Supported Fault Types & Mathematical Background
Drift
Linear change over time:
\[y_i = x_i + (i - s)\, r, \quad i \in [s, e)\]\(r \in \mathbb{R}\) is the drift rate
By default: \(r \sim \mathcal{U}(0, 0.0001)\, d\, \bar{x}\)
\(d \in \{-1, 1\}\) controls the drift direction
\(\bar{x}\) is the mean of the original signal over the fault interval
Offset
Constant bias added to the values:
\[y_i = x_i + b, \quad i \in [s, e)\]\(b = r\, \bar{x}\) is the offset magnitude
\(r \in \mathbb{R}\) is the offset rate
Gaussian Noise
Random noise with a normal distribution:
\[y_i = x_i + \epsilon_i, \quad \epsilon_i \sim \mathcal{N}(\mu, \sigma^2), \quad i \in [s, e)\]Defaults: \(\mu = 0\)

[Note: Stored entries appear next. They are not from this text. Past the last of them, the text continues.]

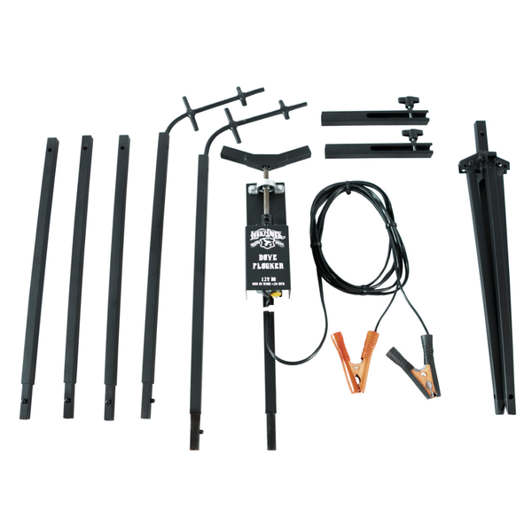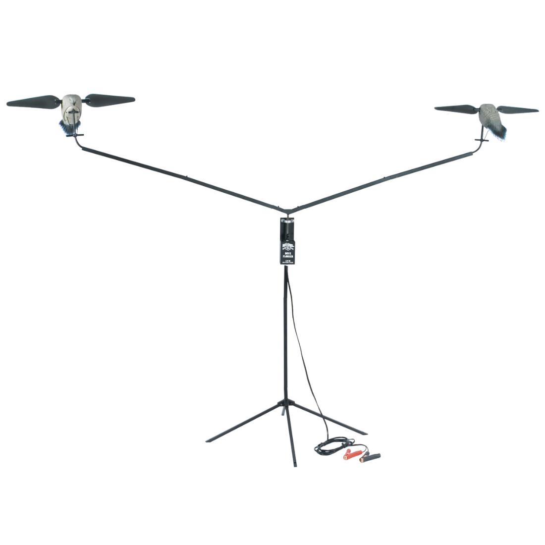 Get those doves on your lap with the Lucky Dove Flocker. Equipped with a rugged 12-volt motor and gear system, quick set quad stand, and arms that span 93” in diameter for realistic decoy movement. The Flocker rotary is designed for easy setup and transport. The carrying bag with shoulder strap holds the entire Flocker system, two motorized doves, and an additional pouch for your hunting accessories.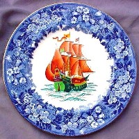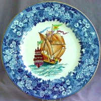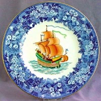 Shown below are all six Galleons in a very rare treatment: Bone china, 10.5 inch diameter plates, Ferrara (bluebell) border, gold rim. These are the only six such plates that I have ever seen (and I have bought and sold over 100 of various Fantasy Galleon plates, and looked at many more). Price at $150 each, or $675 for the set of six (save 25% if you buy the set). These would be fabulous on the wall of any office, nautical themed room, or home near the water.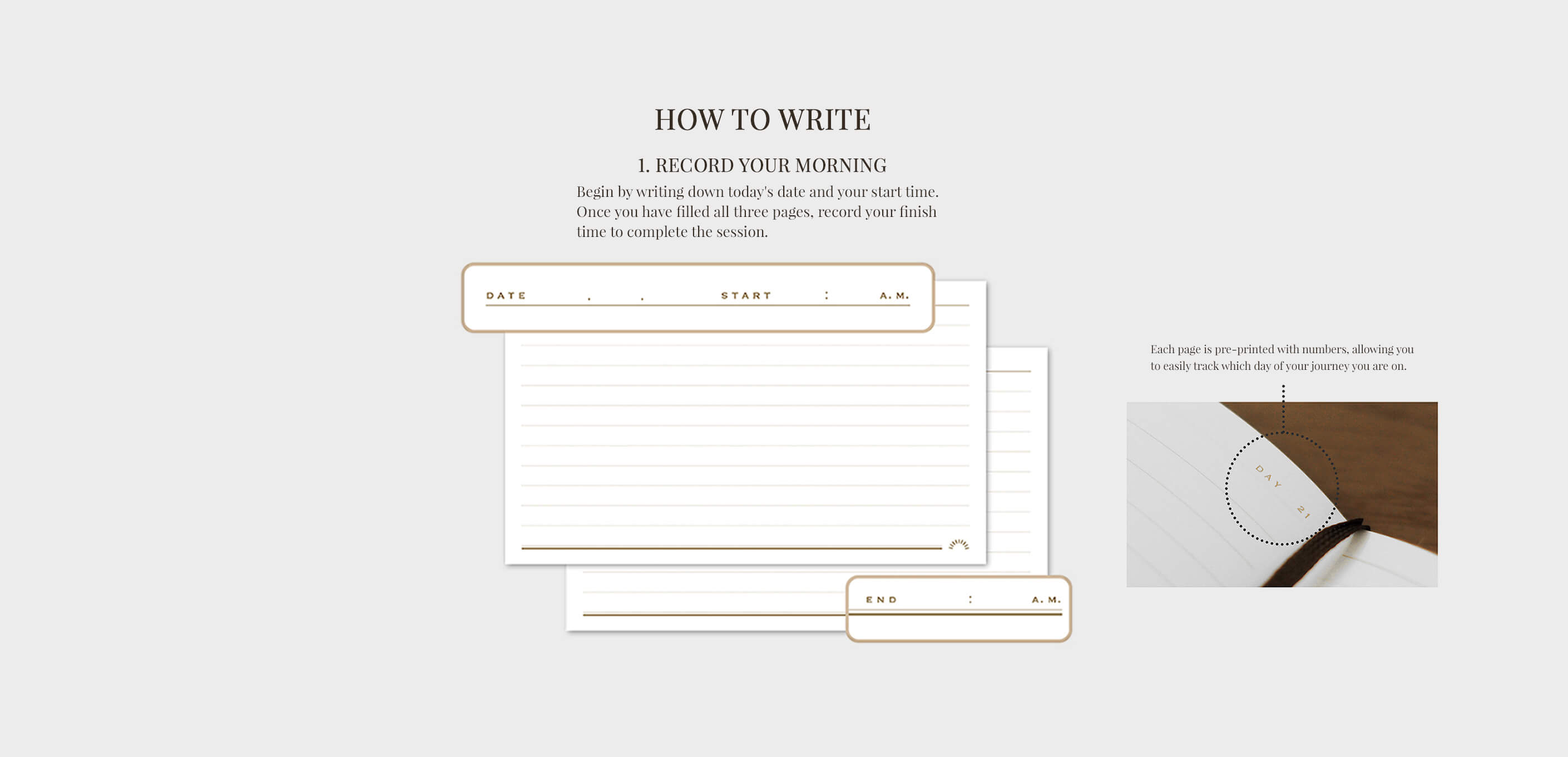 The layout is thoughtfully crafted to support your first thoughts of the day. With pre-printed numbers for a 63-day journey, it serves as a reliable tool for mental preparation, making it easier than ever to maintain a consistent morning ritual.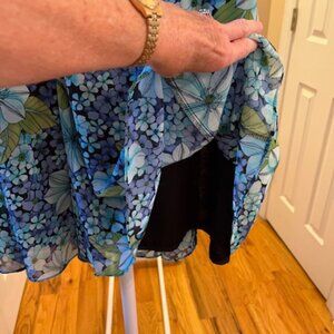 SAG HARBOR blue floral skirt with "bell" like bottom. Drapes beautifully! Size 10P. Left side zipper. Elastic band by the waistline. Black lining. 100% Polyester.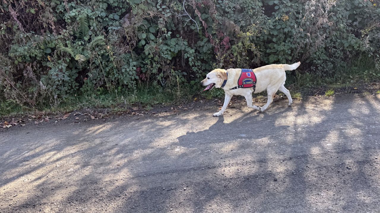 AFAD ekipleri tarafından engebeli ve ormanlık arazide dron ile havadan da arama yapılıyor. Jandarma arama kurtarma köpekleri de çalışmalara eşlik ediyor.
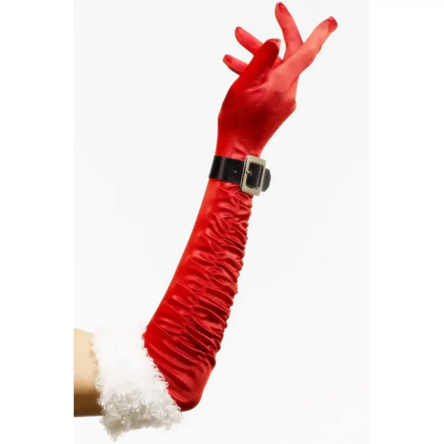 Longs gants blanc et rouge avec boucle noire. Cet accessoire est idĂ©al pour se transformer en Mère NoĂ«l pour les fĂŞtes de fin d’annĂ©e.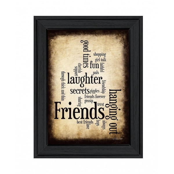 The friends 1 black framed print wall art is the perfect decorative accessory for your home. This print is a visual artistic expression that allows you to decorate your space in style. Reproduced for you on wood, this hanging decorative accent will be a trendy and fashionable way to dress your walls in a rustic and modern farmhouse vibe. Adding this hanging wall art to your space to make your room feel more finished and attractive. Utilize this opportunity to create a focal point in the room with this fabulous wall decor option. 21-inch H x 15-inch W x 1-inch D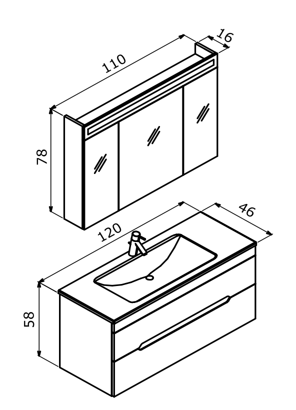 Üst Modül Tipi: Dolaplı Ayna, Led Aydınlatmalı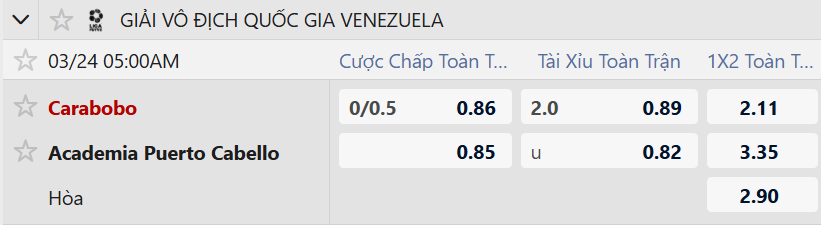 Lựa chọn tốt nhất: Carabobo & Xỉu cả trận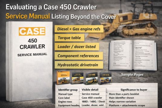 A crawler manual can sound straightforward until the inside pages show how many machine variations are actually folded into the file. The Case 450 crawler service manual PDF is a good example of a listing that becomes much clearer once you look at the contents and specification pages rather than stopping at the model name alone. For buyers comparing documents in the broader crawler equipment manual catalog, this is the kind of file that helps separate a base machine title from a much wider service-reference package.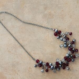 This stunning necklace features a blend of silver and red beads, perfect for adding a touch of elegance to any outfit. The intricate design showcases a beautiful combination of colors, making it a versatile accessory for any occasion. This was my mother's, vintage.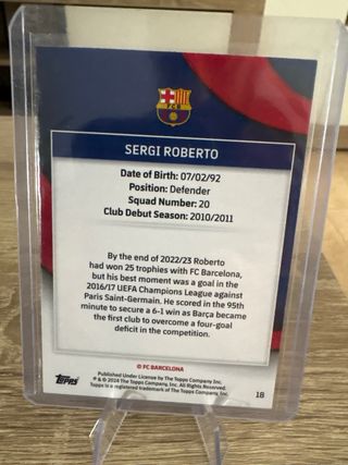 Cromo de Sergi Roberto, jugador del FC Barcelona. Está en perfecto estado y se encuentra en una funda protectora. - Número de serie: 174/250 - Jugador: Sergi Roberto - Equipo: FC Barcelona - Posición: Defensa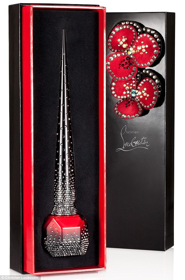 此名为Starlight(星光)的节日限量版不同于店内其他系列甲油,独特的指甲油瓶身手工镶嵌了1500颗水晶。黑色漆面包装盒由两朵水晶镶嵌的皮革花瓣装点,灵感源自价值1395美元的2014秋冬新款红底鞋Pensamoi。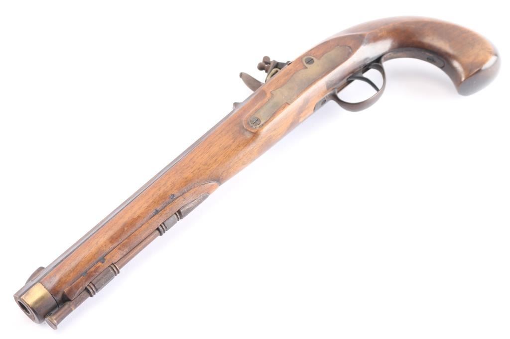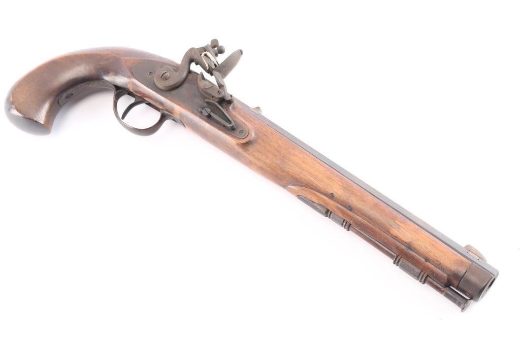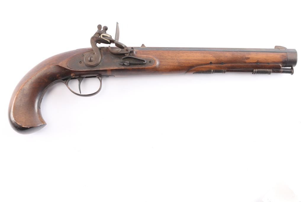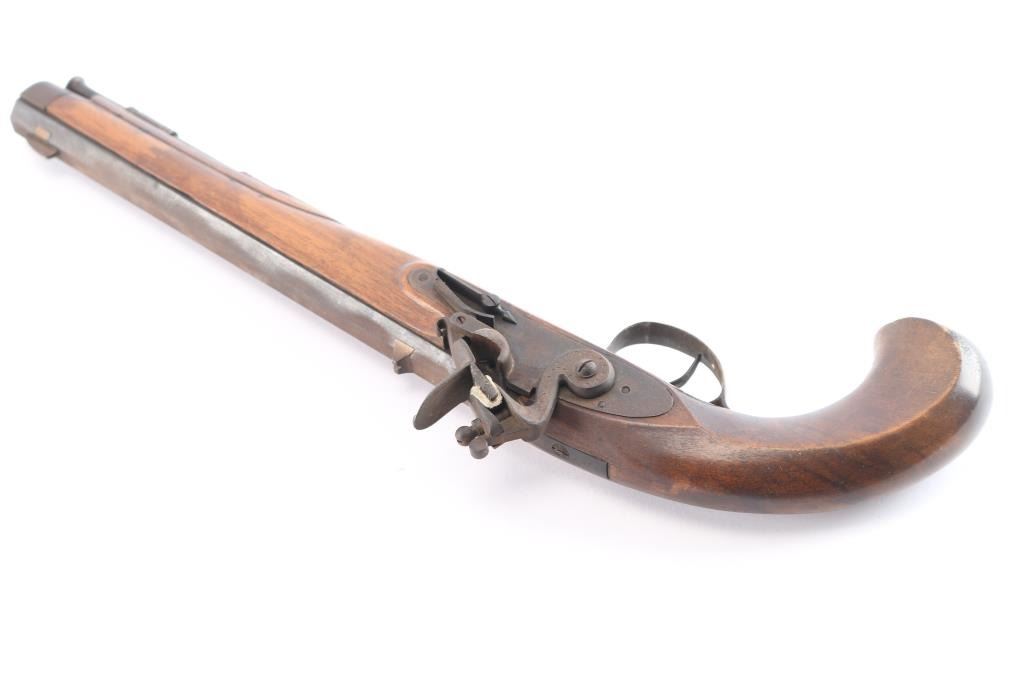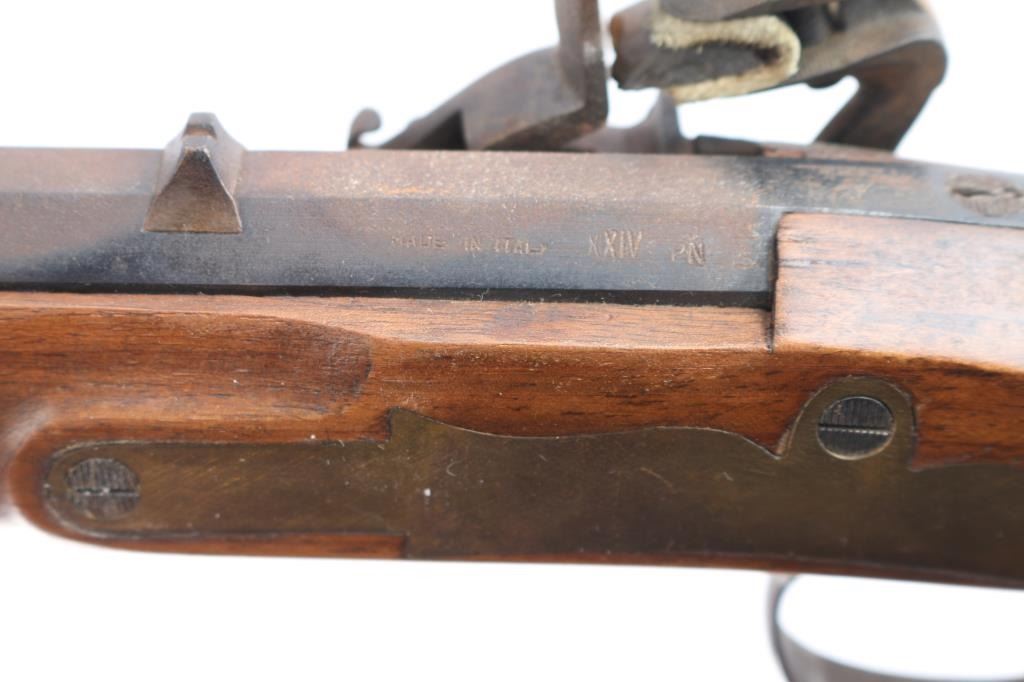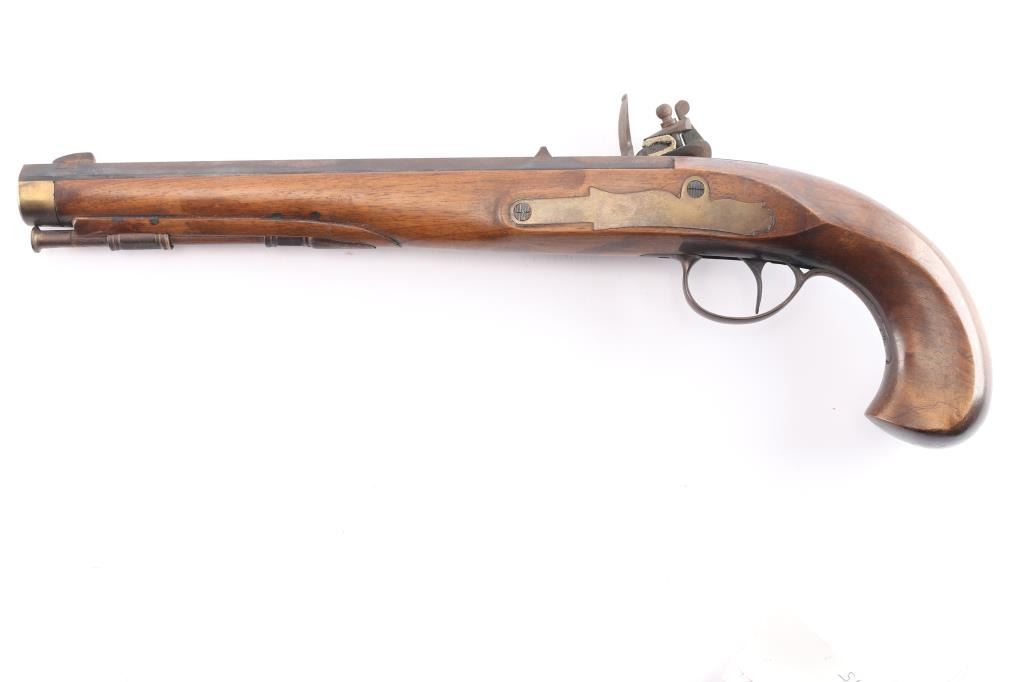 SN: 2375. Italian made copy of the Kentucky flintlock pistol. Manufactured 1968. Features a heavy 10 1/4" octagonal barrel, blade front, u notch rear sights, brass plated fittings, wooden ramrod with brass tip. Stock is overall good/sound with some minor scratches/dings, some handling loss to the finish, two click hammer action works well, the top of the barrel is covered with a brown patina and the rifled bore is very good, a little dirty.

\(\sigma\) is the standard deviation of the signal over the fault interval
Uniform Noise
Random noise with a uniform distribution:
\[y_i = x_i + \epsilon_i, \quad \epsilon_i \sim \mathcal{U}(a, b), \quad i \in [s, e)\]Defaults: \(a = -\sigma\), \(b = \sigma\)
\(\sigma\) is the standard deviation of the signal over the fault interval
NaN
Replace values with missing data:
\[\begin{split}y_i = \begin{cases} \mathrm{NaN}, & i \in [s, e) \\ x_i, & \text{otherwise} \end{cases}\end{split}\]Stuck Value
Replace values with a constant:
\[\begin{split}y_i = \begin{cases} c, & i \in [s, e) \\ x_i, & \text{otherwise} \end{cases}\end{split}\]\(c\) may be specified directly or generated as \(c = \bar{x}\left(1 + d\, u\right)\)
\(u \sim \mathcal{U}(0.01, 0.1)\)
Notes
Faults are applied over the range [start, stop).
The class preserves the original values for comparison.
Useful for testing robustness of sensor data processing algorithms, anomaly detection, and fault-tolerant systems.